For simplicity we wrote the primary checking function in terms of operations that happen to be only correct when there is only one group present (i.e. the function needs formal splitting and isolation, not just `dplyr::group_by`). This isn't a problem as we can then use `replyr::gapply(partitionMetod='split')` to correctly apply such code to all groups in turn.
Notice the Split-Apply-Combine steps are all wrapped together and supplied as part of the service; the user only supplies `(column1,column2,f())`. The transient lifetime and limited visibility of the sub-stages of the wrapped calculation are the appropriate abstractions given the fragility of row-order in modern data stores. The user doesn't care if the data is actually split and ordered, as long as it is presented to their function as if it were so structured. We are using the Split-Apply-Combine pattern, but abstracting out if it is actually implemented by formal splitting (ameliorating the differences between `base::split`, `tidyr::nest` and `SQL GROUP BY ... ORDER BY ...`). There are benefits in isolating the user-visible semantics from the details of realization.

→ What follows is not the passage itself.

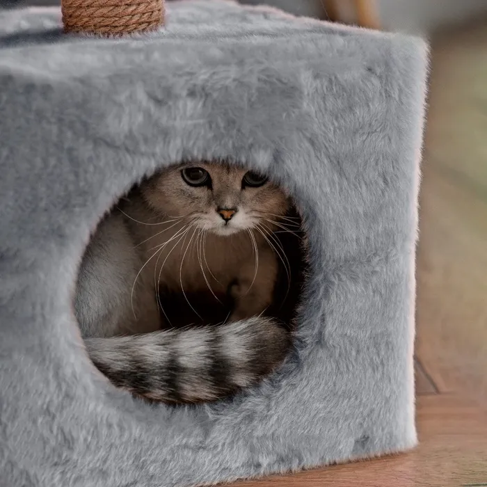 Домик-когтеточка для кошек обеспечивает пространство для отдыха, игры и точения когтей.

Much can be written in terms of this pattern including grouped ranking problems, `dplyr::summarize`, and more. And this is precisely the semantics of `gapply` (grouped ordered apply) found in `replyr`.

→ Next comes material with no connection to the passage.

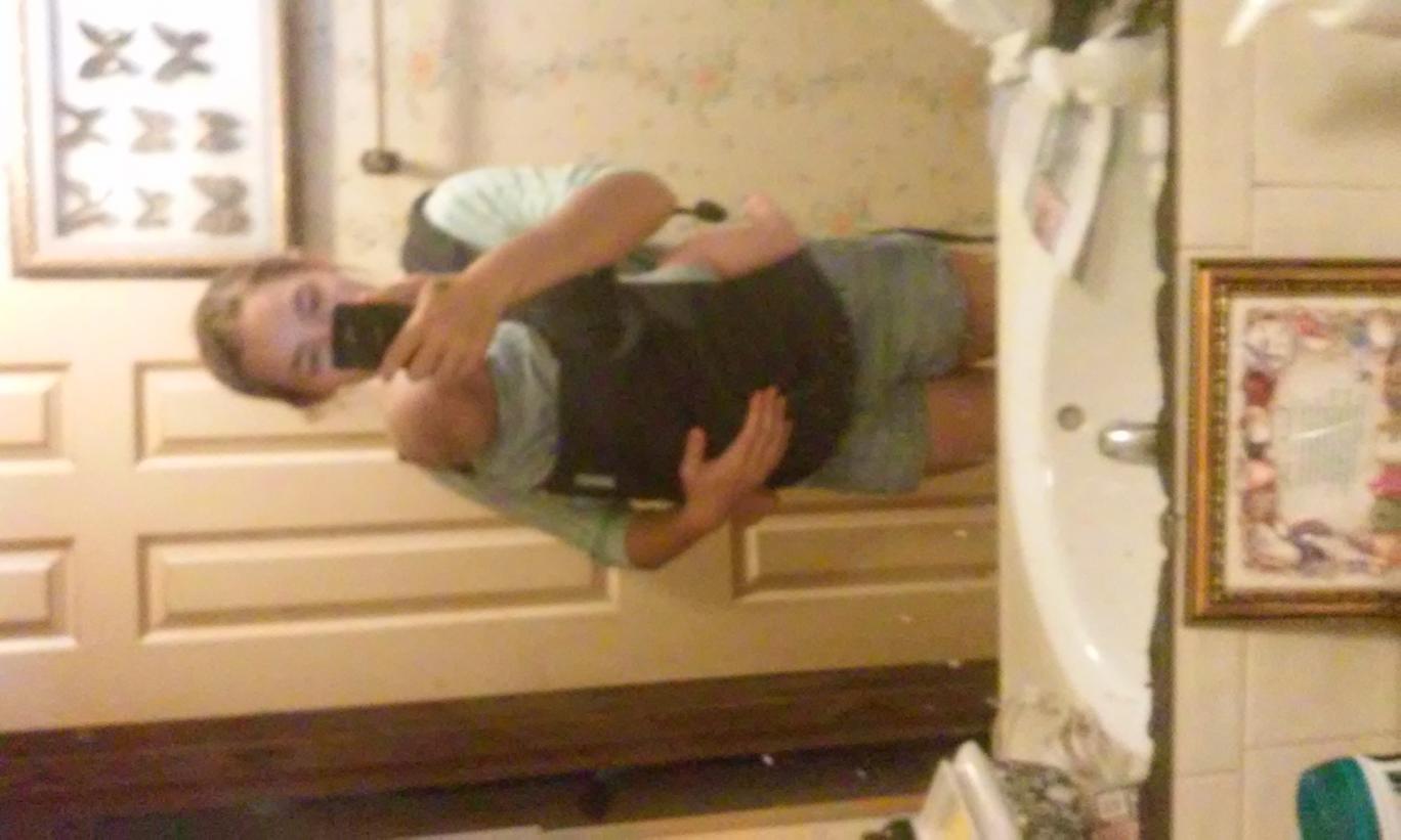 We got a new carrier that distributes her weight a lot better and that we can use for longer periods. Just got it today so we're still getting use to it but we did a walk already and she fell asleep. I'm a happy mama now

An advantage of using the general notation as above is that `dplyr` has implementations that work on large remote data services such as databases and `Spark`.

For example here is the "rank within group" calculation performed in `PostgreSQL` (assuming you have such a database up, and using your own user/password). For these additional examples we are going to continue to suppose our goal is to compute the rank of `Sepal.Length` for irises grouped by `Species`.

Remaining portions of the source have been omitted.